En effet, tel événement qui dérange à peine le riche détruit complètement l'existence du pauvre. Cherchez dans l'histoire les époques qui suivent les calamités publiques, les invasions et les guerres civiles, vous verrez le petit propriétaire réussir à peine par plusieurs années d'un travail opiniâtre à rassembler quelques débris, et à se créer une existence tolérable ; tandis que le riche gêné un instant pendant quelques jours, ou quelque mois, n'a pas vu troubler son existence, mais seulement vu interrompre quelques-unes de ses jouissances. Une chaumière incendiée, un champ dévasté, la perte de quelques animaux domestiques, ou de quelques meubles grossiers, réduisent l'un à la mendicité ; la dévastation d'un château magnifique, la perte d'une riche et abondante récolte, ne diminuent même pas l'opulence de l'autre.

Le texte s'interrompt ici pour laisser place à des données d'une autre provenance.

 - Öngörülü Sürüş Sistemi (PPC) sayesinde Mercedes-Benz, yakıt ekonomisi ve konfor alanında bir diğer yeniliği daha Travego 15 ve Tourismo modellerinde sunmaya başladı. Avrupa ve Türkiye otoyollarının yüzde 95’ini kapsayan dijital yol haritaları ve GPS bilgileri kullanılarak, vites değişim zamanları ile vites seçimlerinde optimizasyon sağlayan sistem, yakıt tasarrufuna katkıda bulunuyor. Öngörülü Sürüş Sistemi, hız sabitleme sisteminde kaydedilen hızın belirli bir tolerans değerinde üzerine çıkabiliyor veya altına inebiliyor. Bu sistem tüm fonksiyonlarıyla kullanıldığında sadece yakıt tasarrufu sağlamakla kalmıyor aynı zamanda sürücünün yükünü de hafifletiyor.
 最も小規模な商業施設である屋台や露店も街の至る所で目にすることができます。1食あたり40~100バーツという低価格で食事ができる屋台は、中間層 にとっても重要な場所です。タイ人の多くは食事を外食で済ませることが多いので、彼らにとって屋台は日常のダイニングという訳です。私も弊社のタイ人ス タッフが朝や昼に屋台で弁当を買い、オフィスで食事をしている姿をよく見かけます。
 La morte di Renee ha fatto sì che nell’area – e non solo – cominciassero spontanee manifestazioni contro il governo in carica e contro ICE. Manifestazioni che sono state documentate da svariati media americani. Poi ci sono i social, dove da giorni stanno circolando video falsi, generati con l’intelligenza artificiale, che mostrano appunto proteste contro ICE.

Or, comment penser que les risques soient égaux entre ces hommes, ou, ce qui est plus absurde, que l'un hasardera tout son avoir pour un bouleversement dont les chances ne peuvent jamais tourner à son profit ; tandis que l'autre ne risquera pas même une faible partie de sa fortune pour un changement dont sa position sociale lui permet de tout espérer ?
Et si l'on objecte que l'homme se fait illusion sur ses espérances et ses dangers, nous répondrons par un seul mot à cette objection ; elle peut s'appliquer aux calculs et aux projets de l'un comme aux passions de l'autre ; elle vient même à l'appui de nos réflexions, car il existe un instinct sûr qui conduit l'homme dans tout ce qui touche à son intérêt immédiat. Cet instinct guide toujours le petit propriétaire exposé à la misère par une seule imprudence ; tandis que le riche plus adonné en tout genre aux idées spéculatives, cherchant souvent ses intérêts plus loin de lui, est aussi souvent exposé à s'égarer sur ce qui en est l'objet.

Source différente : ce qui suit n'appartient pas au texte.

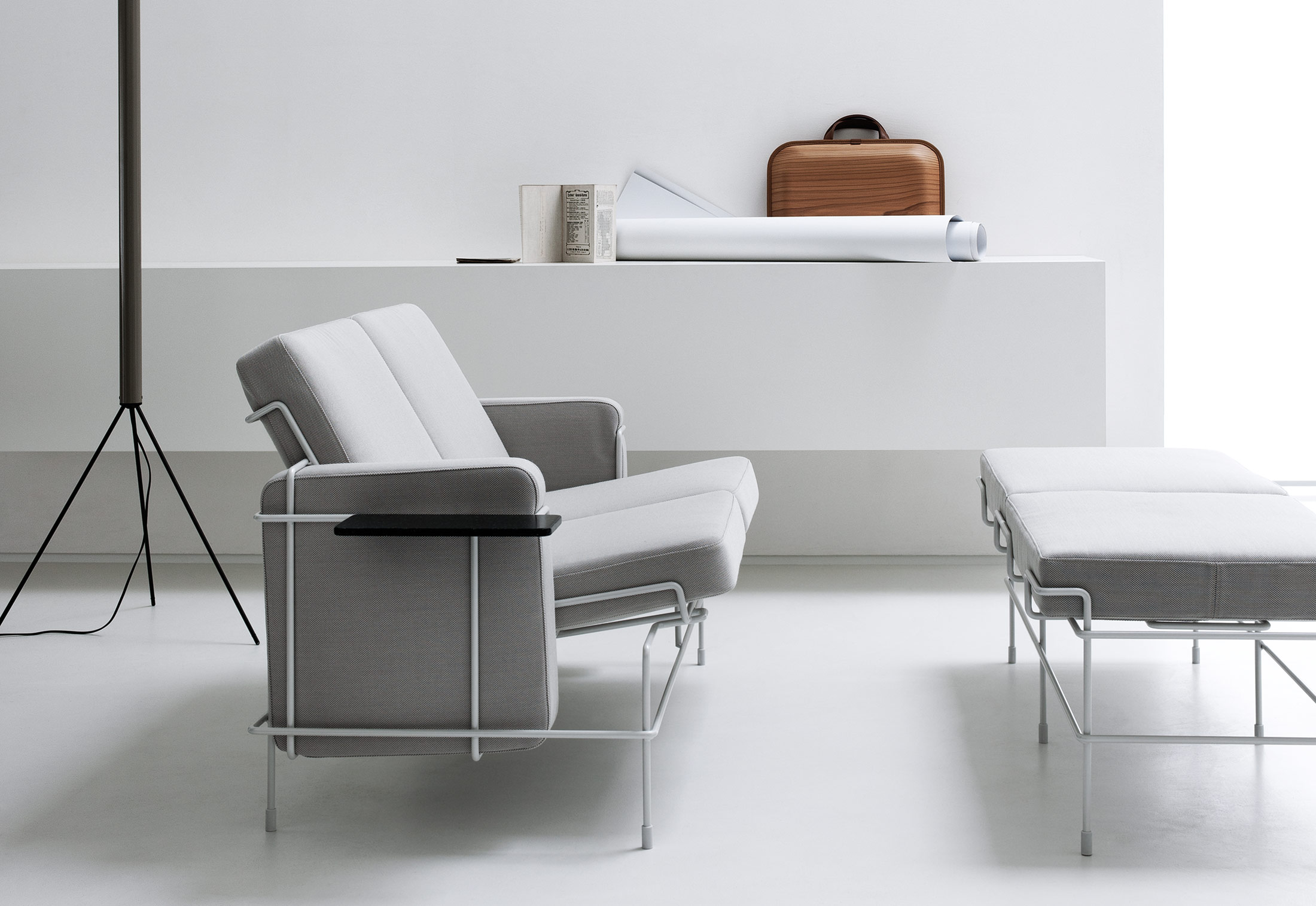 由Konstantin Grcic为Magis设计,休闲家具的交通系列提供了对比的研究:硬和软,线性和体积,俏皮和复杂。 钢制杆架具有平行和交叉线,为每个部件带来能量。 靠垫块,整齐地用布料或皮革装饰,传达出舒适和平静的感觉。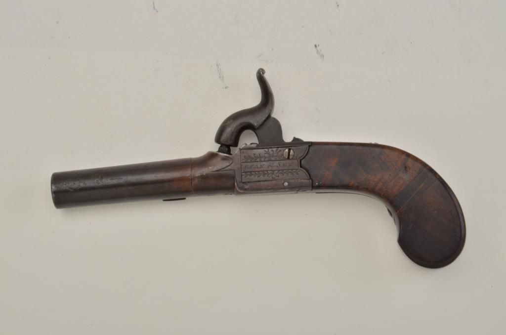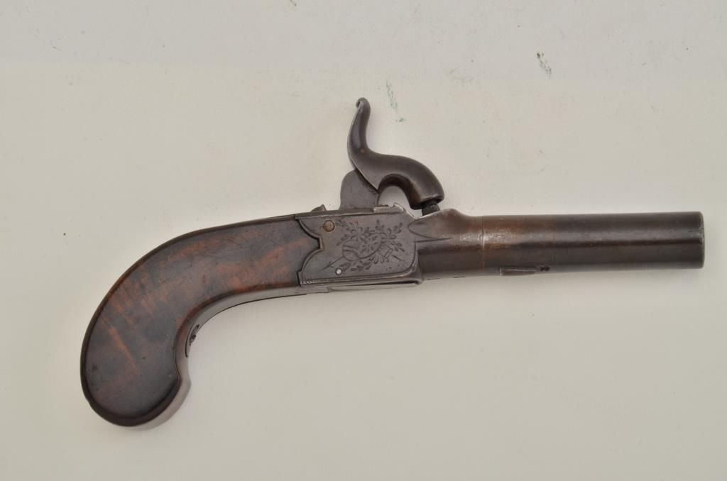 Single shot folding trigger, screw-off barrel center hammer percussion pocket pistol, .41 cal., 3” barrel, brown finish, maker Ryan & Son, wood grips. This gun is in overall very good condition with a brown patina on metalsurfaces and some pitting at the muzzle, dark bore, crisp action and markings; very good wood. Est.: $250-$400.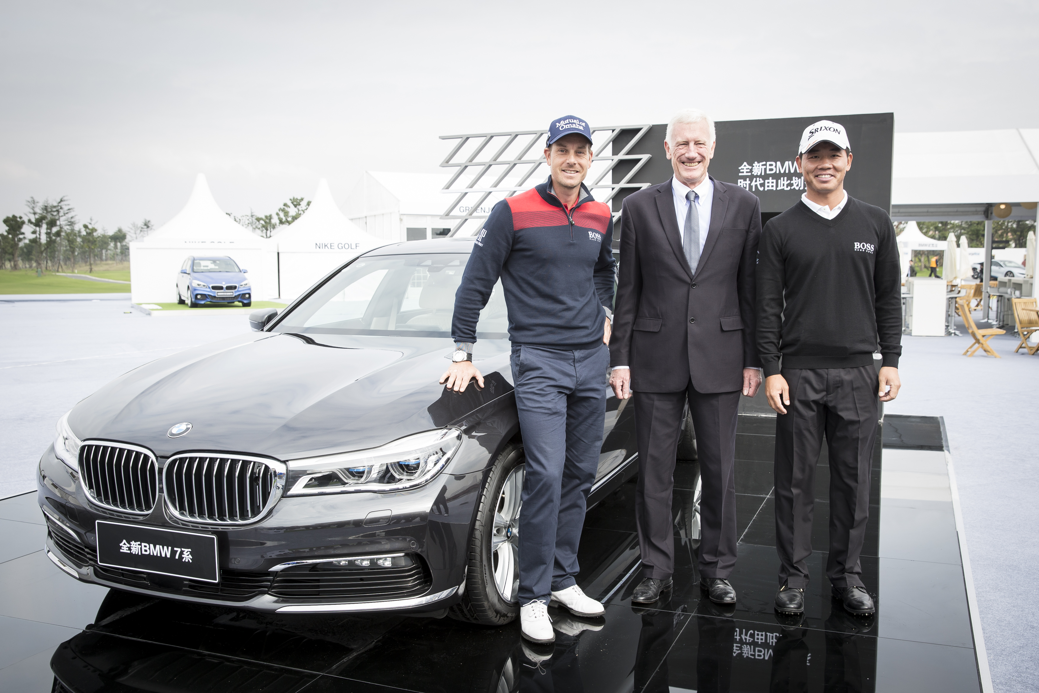 10th November 2015, Henrik Stenson, Ulrich Sanne, Wu Ashun, BMW 7 Series, BMW Masters 2015. This image is copyright free for editorial use © BMW AG (11/2015).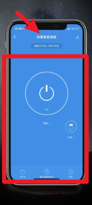 3、用户可通过智能插座控制界面实现电源开关的远程操控,并可同步管理USB电源状态。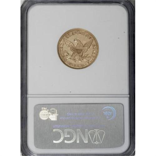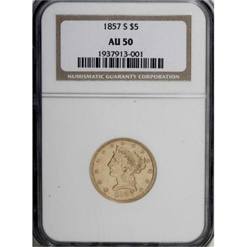 <B>1857-S $5 AU50 NGC.</B></I> The 1857-S saw extensive use in the daily commerce of the California Gold Rush, and most survivors are well circulated (Jeff Garrett and Ron Guth, 2006). This bright brassy-gold example with traces of luster in the recesses is one of the few survivors in high grade. Excellent definition shows on the motifs, and both sides are minimally abraded. Census: 9 in 50, 56 finer (6/07).<BR><BR><b>Shipping:</b> Coins & Currency (<a target="_blank" href="http://www.heritageauctions.com/common/shipping.php">view shipping information</a>)

Quelquefois, il est vrai, les instruments des révolutions se trouvent dans les rangs de la petite propriété ; mais les chefs des factions sortent toujours de ceux de la grande.

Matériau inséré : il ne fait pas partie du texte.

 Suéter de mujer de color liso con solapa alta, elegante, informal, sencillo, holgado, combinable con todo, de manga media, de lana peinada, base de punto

Détruisez les chefs, le désordre par cela seul devient impossible, les instruments sont mis hors d'état d'agir. Conservez les chefs, vous ne détruirez par pour cela les instruments, vous ne les détruirez même jamais ; car si les factieux peuvent en trouver parmi les petits propriétaires, à plus forte raison les prolétaires seront-ils propres à cet emploi, ayant moins de chances de perte, un intérêt plus immédiat à agir, un espoir égal dans le succès.
En effet, on propose un étrange moyen de diminuer la force de ceux à qui un bouleversement peut être utile en voulant en augmenter le nombre : on veut diminuer celui de leurs adversaires, et accumuler dans la main de ceux-ci les objets que l'on suppose devoir tenter la cupidité.
Une autre raison plus forte peut-être vient encore appuyer celles que nous avons développées en faveur de la division des propriétés.
L'industrie fait chaque jour des progrès immenses, élève de nouvelles fortunes, et place de nouveaux riches à côté de ceux que la propriété a créés. Ils brillent du même éclat, la même clientèle les entoure, ou plutôt, comme ils ont besoin de plus de bras pour commencer et perpétuer leur fortune que le propriétaire foncier, une clientèle bien plus nombreuse que la sienne se presse chaque jour autour d'eux.
Aujourd'hui que les signes d'échange sont la richesse des individus, ceux qui vivent des travaux manuels doivent préférer l'industrie aux travaux champêtres, puisqu'une plus grande aisance en est le fruit. D'ailleurs, il y une sorte d'égalité, ou plutôt une sorte d'homogénéité, entre le riche industriel et le simple manoeuvre qui n'existe pas entre le propriétaire et les mercenaires qu'il emploie : de là resulte une différence qui tourne encore au profit du premier.